In essence, cancer arises when a cell's division mechanism breaks down and begins dividing uncontrollably, resulting in the development of tumors. When these out-of-control cells spread elsewhere, we have what is known as "metastasis." which results in the development and spread of secondary tumors in the lungs, liver, and a host of other tissues.

Cancer cell division. Credit: SPL

These secondary tumors, also known as metastatic tumors, present the greatest risk and complications to cancer patients. Now new research may help provide an approach to eradicating the spread of these cancerous cells.

Led by Mauro Ferrari, a nanomedicine expert, a team of researchers has developed a method in which these spinoff tumors are 'tricked' into consuming poison. The main component of this method is an agent called doxorubicin (dox), which has been used for years in cancer treatment, and the results in mice studies have shown this new method to be highly effective.

Dox eliminates cancer cells by jamming up DNA in the cell nucleus to prevent cell division. However, in the bloodstream, dox also negatively affects heart muscle cells and could lead to heart failure. To ensure that only tumor cells were killed, the researchers encapsulate the drug within a drug carrier.

For years, the team has been developing porous silicon particles for this purpose. With its small size and disklike shape, it is able to travel through normal blood vessels. Blood vessels near tumors are usually malformed and leaky ,which cause the particles to pool near the tumor. This allowed the drug agents to be delivered only to the tumor.

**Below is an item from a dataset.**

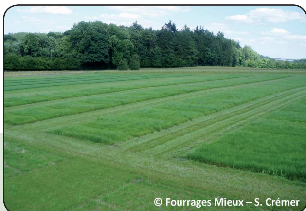
▼ Figure 1. Vue d'une parcelle de variétés de ray-grass anglais testées en régime de fauche

Les listes des pages 2 et 3 ne sont pas exhaustives car toutes les variétés disponibles dans le commerce n'ont pas été testées dans nos essais. Sont reprises dans les tableaux 1 et 2 les variétés qui se sont révélées les meilleures dans les essais et qui sont commercialisées en 2017.

Silicon particles (iNPG) carry stringlike polymers loaded with a chemotherapy compound called doxorubicin (p-Dox). Credit: Nature Biotechnology

That wasn’t the only problem researchers had to overcome. After delivering the agent, most tumor cells have membrane proteins which essentially act as tiny pumps that moves the drug outside the cell before it can have any effect. To counteract this defense system, the researchers linked the the dox molecules to stringlike polymer.

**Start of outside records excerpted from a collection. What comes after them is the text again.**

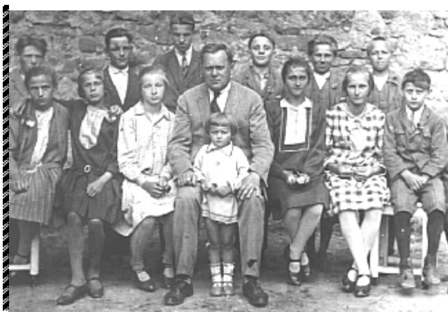
Žáci III. třídy 8. roku školní docházky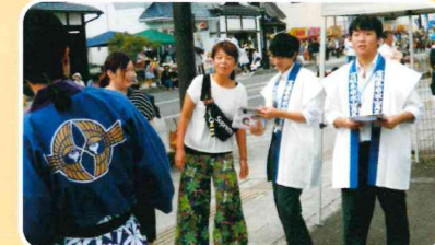
政宗公まつり・ボランティアガイド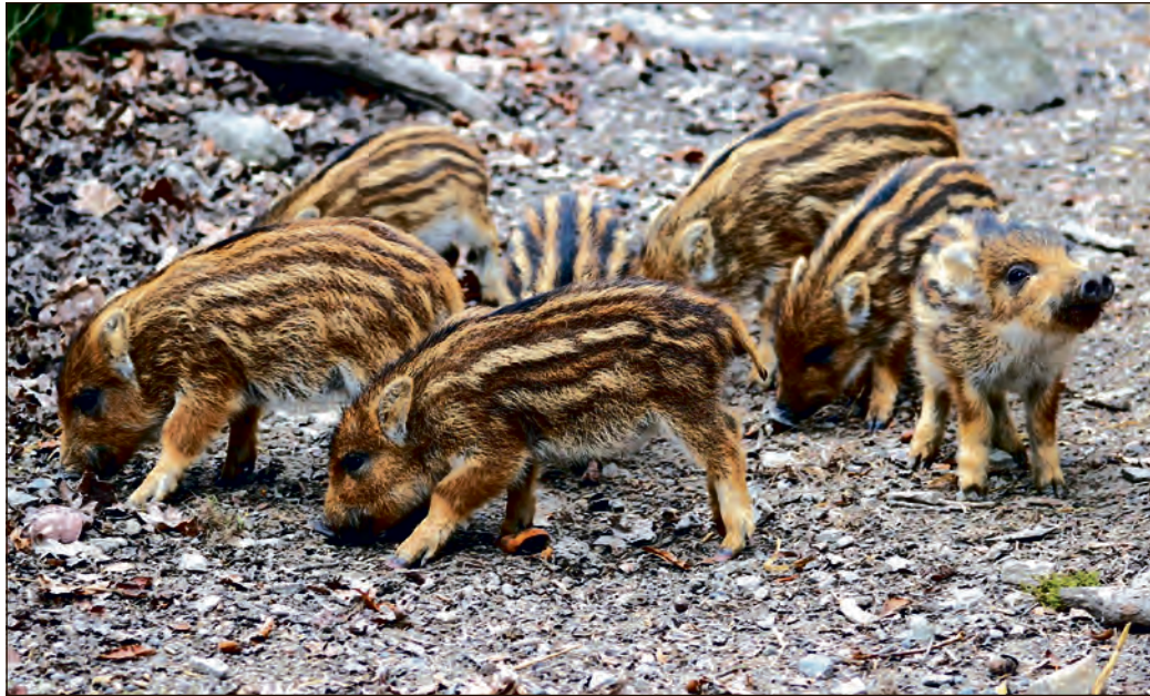
In den ersten Lebenswochen sind Frischlinge sehr verletzlich.

„Normalerweise legen Bachen die Wurfkessel dort an, wo sie ungestört sind und nicht auf Menschen treffen, also

In their mice studies, they’ve found that the silicon particles coalesced in and around the tumor sites. The particles slowly degraded over a period of 4 weeks. As the particles degraded, the polymer strands were released, which coiled into tiny balls inside the tumor. Each ball is just 20-80 nanometers across, the same size as vesicles, components that are regularly exchanged by cells as part of normal chemical communications.

As a result, the dox-polymer balls were taken up by the tumor cells, which allowed the dox to be ferried around the cell including near the nucleus. While the researchers were unable to determine why this occurred, this movement towards the nucleus allowed the dox to take effect. The links between the dox molecules and polymer were designed to dissolve under acidic conditions similar to that found near the nucleus, thus allowing dox to be released where its potency would be most optimal.

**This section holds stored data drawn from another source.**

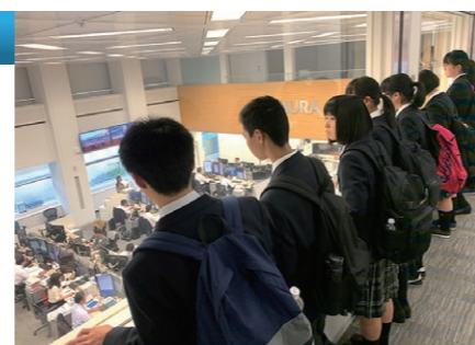
野村ホールディングス

都内の一流企業や官公庁を訪問し、仕事を通して生活や社会をより豊かにすることをめざす職場の実態を学びます。この活動を通して働くことと学ぶことの関連に気付き、自分自身の将来の進路について考えるきっかけとします。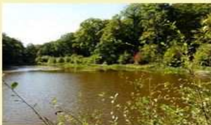
Forêt de Sainte-Apolline 16 Km avec Gérard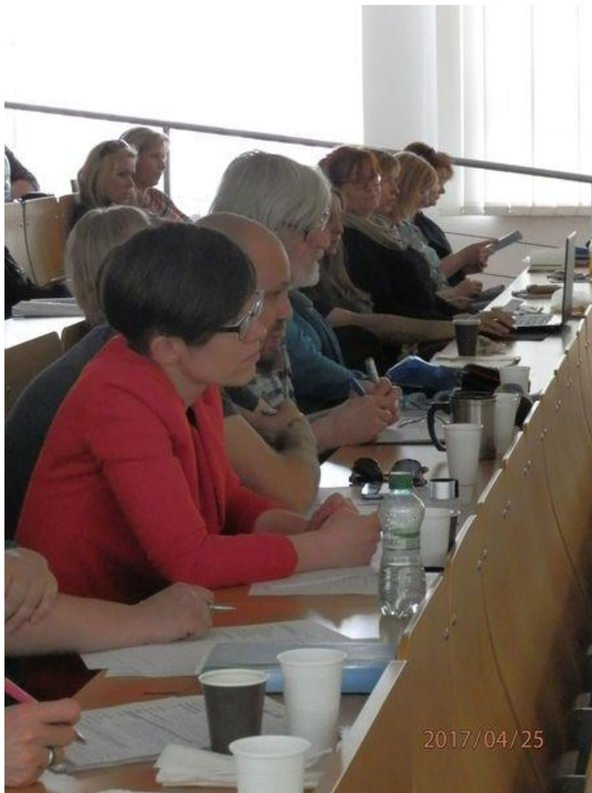
Přehlídka OKnA v roce 2017 - porota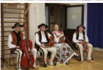
• 2019-11-18-Górale i Krakowiacy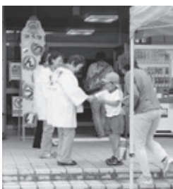
「室生こども園運動会」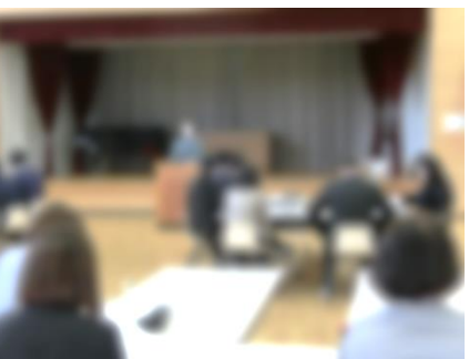
総会（校長あいさつ）

In a follow up study in Nature Biotechnology on their mice trials, the researchers found that up to 50% of the mice given the treatment showed no signs of metastatic tumors 8 months after the initial experiment. An equivalent in humans would be declaring a person to have been cancer-free for 24 years. “If this research bears out in humans and we see even a fraction of this survival time, we are still talking about dramatically extending life for many years,” Ferrari says. “That’s essentially providing a cure in a patient population that is now being told there is none.”

In relation to other trials regarding nanomedicine, this new method seems to be more promising, as it tends to target tumors in the liver and lung, common places for metastatic tumor cells. Incidentally, it also provides the possibilities of adapting the method for other agents.